A man who suspects his wife or neighbor is a Krasue can wait until her head detaches and then move the body. Hide it. Turn it around so the neck faces the wall. The head will return and hover over the body, trying to reattach, and if it cannot align with the open neck it will circle and shriek until the sun rises. In sunlight, the exposed organs dry and the head falls from the air and the Krasue is finished.

Or - and this method appears in older accounts - the man can destroy the body while the head is away. Burn it. The head, returning to nothing, has no anchor. It fades.

But these are acts of violence against a neighbor, and the woman during the day is still a woman. She may not even fully remember what she does at night. She may weep. She may beg for help. The curse is not a choice. It was given to her, or it fell on her, and she carries it the way someone carries a disease they did not ask for.

The Thorns at the Window

No monk can fully cure a Krasue. Some phra have tried, chanting Pali scripture over the afflicted woman, tying sacred thread around her neck. The thread snaps at nightfall. The tattoos of sak yant masters sometimes slow the separation but do not stop it. The only reliable end is death - hers, or the curse being passed to another woman before she dies, continuing the chain.

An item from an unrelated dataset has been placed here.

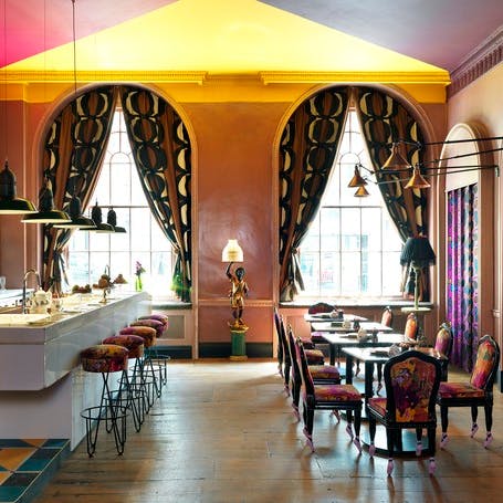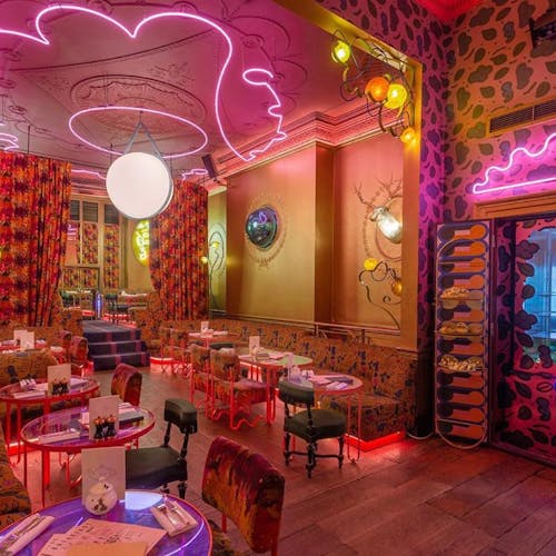 Pensado para ser uma experiência inesquecível para os clientes, o local é um complexo de bares e restaurantes localizado no edifício que também já foi sede do atelier do estilista Christian Dior, em Londres. Todos os ambientes tem interferência da arte e artistas de diversos lugares foram convidados para fazer parte do projeto de decoração, pintura, estilismo dos móveis e muito mais. Sem falar na parte gastronômica onde os chefs são renomados e experts no assunto.

In the villages where these stories live, the response is practical. Thorns around the house. Pla ra on the sills. Dogs tied close - they bark at the glow before human eyes can see it. Pregnant women sleep in the center of the house, not near the walls. And when a woman lives alone at the edge of the village and the chickens die strangely and the dogs howl at nothing visible, people know. They do not confront her. They protect themselves. They plant their thorns and close their shutters and wait for morning.